My goal is to scrape data from consumerreports.com, so I am utilizing 'requests' and 'beautifulsoup' for this project. Webscraping aside, I am having a lot of trouble successfully logging in on consumerreports.com through requests.
Here is my code: I created two text files in which I write the post and response, so I can check if it successfully logged in.
import requests
import os.path
#declares any necessary variables
#file1, file2 to check if login is successful
save_path = '/Users/myName/Documents/Webscraping Project/'
login_url = 'https://www.consumerreports.org/cro/index.htm'
my_url = 'https://www.consumerreports.org/cro/index.htm'
pName = os.path.join(save_path, 'post text file'+".txt")
rName = os.path.join(save_path, 'response text file'+".txt")
post_file = open(pName, "w")
response_file = open(rName, "w")
#login using Session class from Requests package
with requests.Session() as s:
payload = {"userName":"myName@university.edu","password":"my_password"}
p = s.post(login_url, data=payload)
print(p.text)
r = s.get(my_url)
#saves files to see if login was successful
post_file.write(str(p.text.encode('utf-8')))
response_file.write(str(r.text.encode('utf-8')))
post_file.close()
response_file.close()
print('Files created.')
This is what I got:
<!DOCTYPE html>
<html>
<head>
<title>405 Not allowed.</title>
</head>
<body>
<h1>Error 405 Not allowed.</h1>
<p>Not allowed.</p>
<h3>Guru Meditation:</h3>
<p>XID: #some number </p>
<hr>
<p>Varnish cache server</p>
</body>
</html>
In addition, I checked the contents of the 'response text file.txt', and was able to determine through basic ctrl+f function that the system had not successfully logged in.

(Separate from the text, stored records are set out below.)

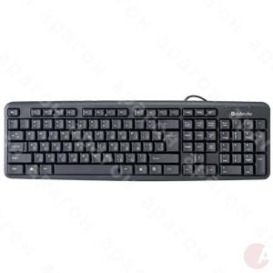Проводная клавиатура Defender Element HB-520. Три кнопки управления питанием компьютера. Прочная усиленная конструкция продлевает срок службы клавиатуры. Полноразмерная раскладка клавиш. Угол наклона клавиатуры регулируется с помощью ножек. Легкая установка. Для работы не нужны драйверы. Плоская конструкция корпуса. Интерфейс подключения - USB. Длина кабеля - 1,5 м. Цвет языка основной раскладки - белый. Тип клавиатуры - мембранная. ROHS / CЕ - нет.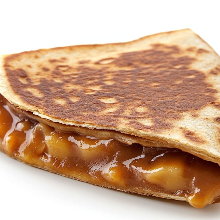 Tortilha de chocolate recheada com blend de queijos grelhados e doce de banana.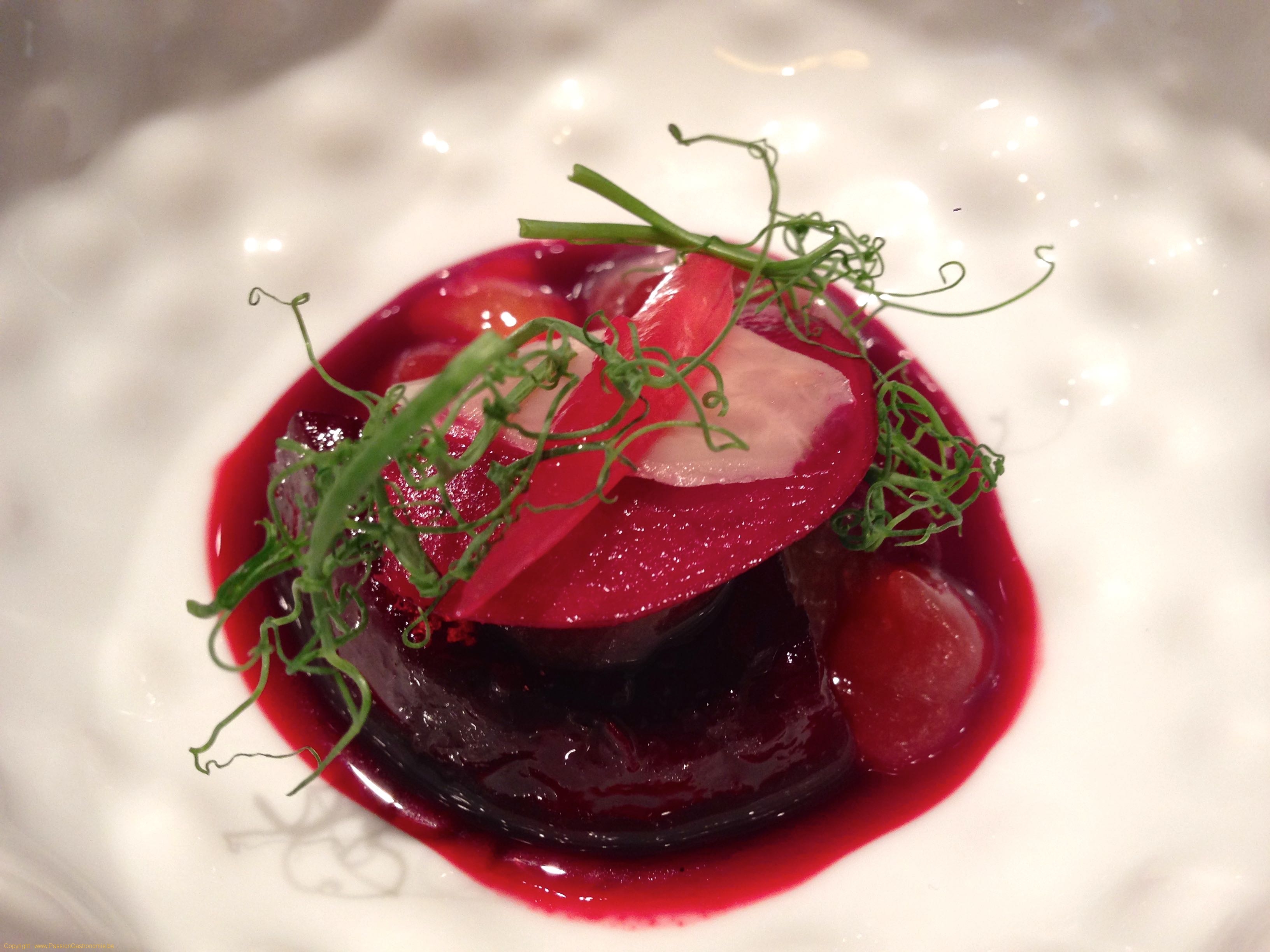 Mise en bouche : Betterave et rhubarbe @L'Eveil des Sens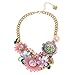 Drama bib necklace featuring bold curb chain and mixed multi-colored flower motif charms at front adorned with glistening stones, lustrous pearls and colorful elements. This whimsical necklace is set in polished gold-tone metal and has an adjustable lobster clasp closure.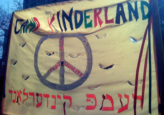A few of the signs. Here’s one for Camp Kinderland, an old, mostly Jewish, Commie children’s camp in the Berkshires. Among its more distinguished alumni: progressive educator Michael Klonsky, right-wing pundit Sol Stern, Nation associate publisher Peter Rothberg, and actress Marisa Tomei.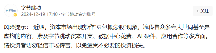 【大河财立方消息】12月19日,字节跳动发布风险提示称,资本市场近期出现炒作“豆包概念股”现象,流传着众多夸大其词甚至是虚构的内容,涉及字节跳动资本开支、数据中心花费、AI硬件、应用合作等多方面。对此,字节跳动提示投资者,切勿轻信市场传言,以免遭受不必要的投资损失。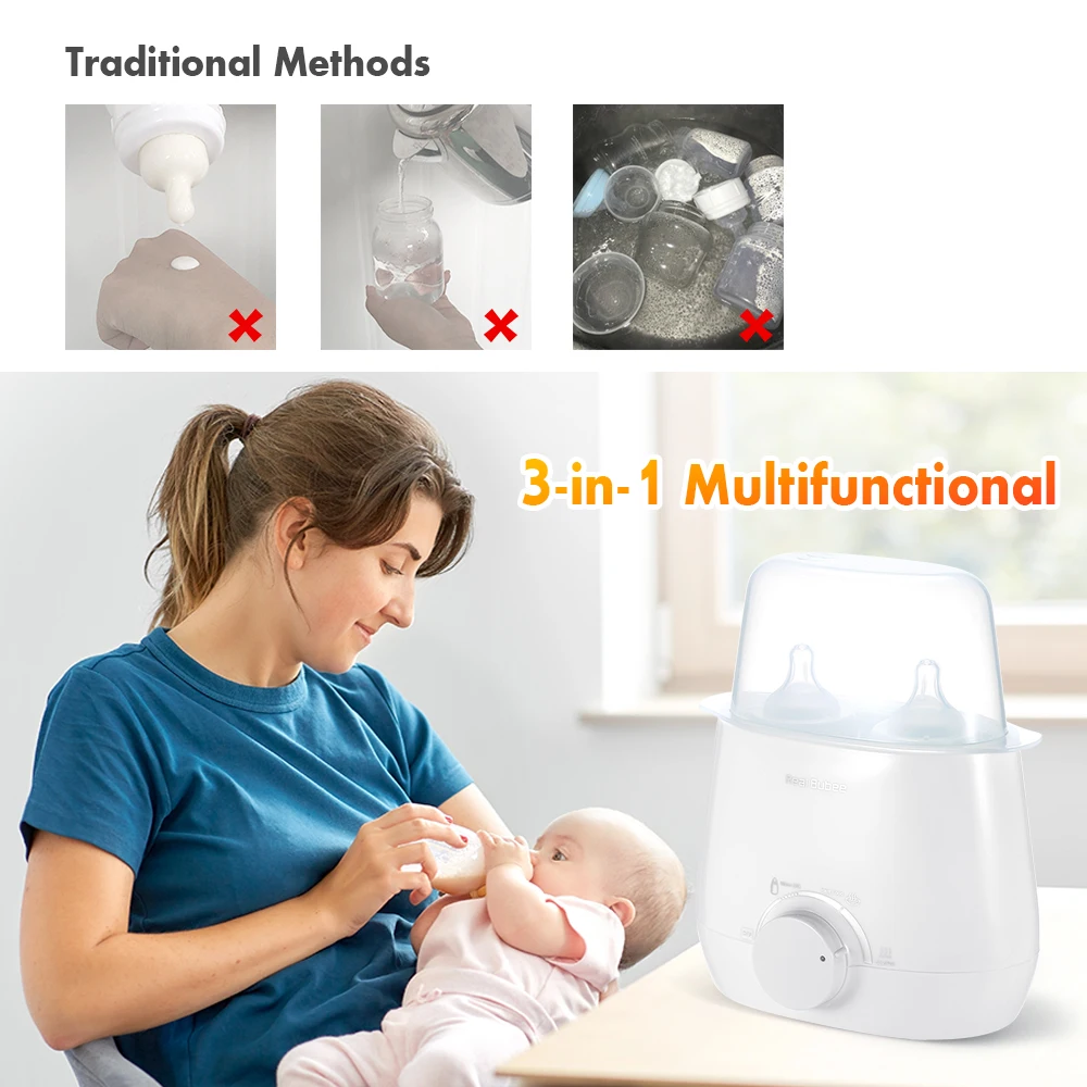 3 в 1 Многофункциональный подогреватель бутылок: 104 ℉ теплое молоко, 158 ℉ тепла Еда, 212 ℉ паровой стерилизации, эта грелка может удовлетворить различные потребности для кормления малыша.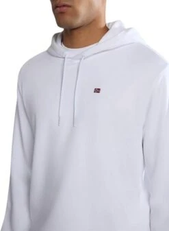 Sweatshirt Napapijri. Modèle Balis Sum. Couleur blanc. Capuche réglable. Coupe régulière. Manches longues. Détail avec logo brodé. Capuche ajustable. Le modèle porte la taille L et mesure 188 cm.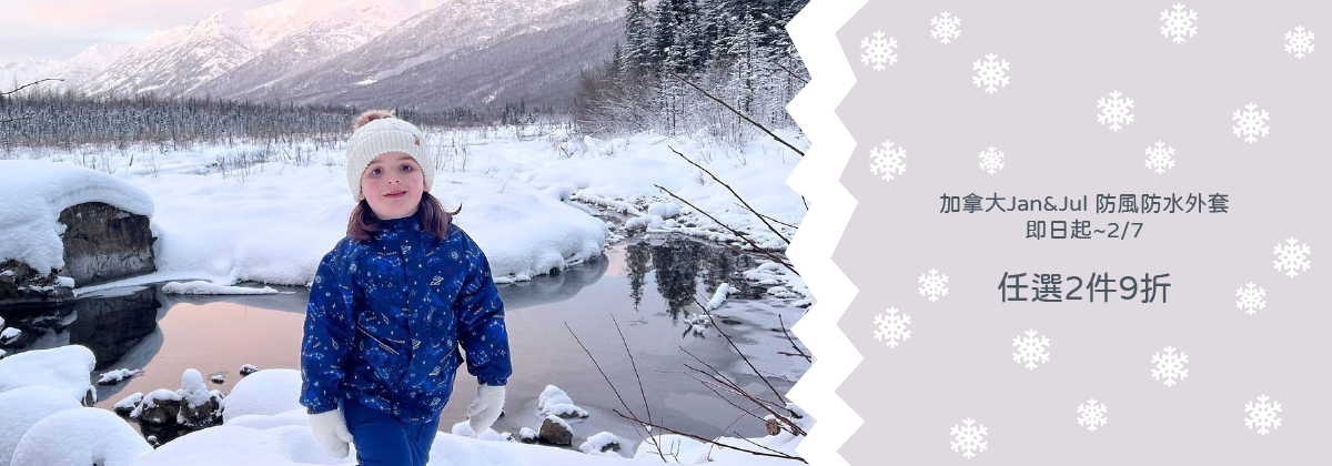 即日起~2/7,活動期間購買加拿大Jan & Jul 防風防水外套任選2件即享9折優惠。

It seems that the web server does not accept the 'post' method, at least for this particular url, and that is why it's returning the error. However, I don't know how to proceed from here. I looked online, and someone suggested using
response = requests.get(login_url, headers={'User-Agent': 'Mozilla/5.0 (Macintosh; Intel Mac OS X 10_13_4) AppleWebKit/537.36 (KHTML, like Gecko) Chrome/66.0.3359.181 Safari/537.36'})
to create a user agent to "log in" or whatever. I'm still fairly new to python, so any advice will be appreciated.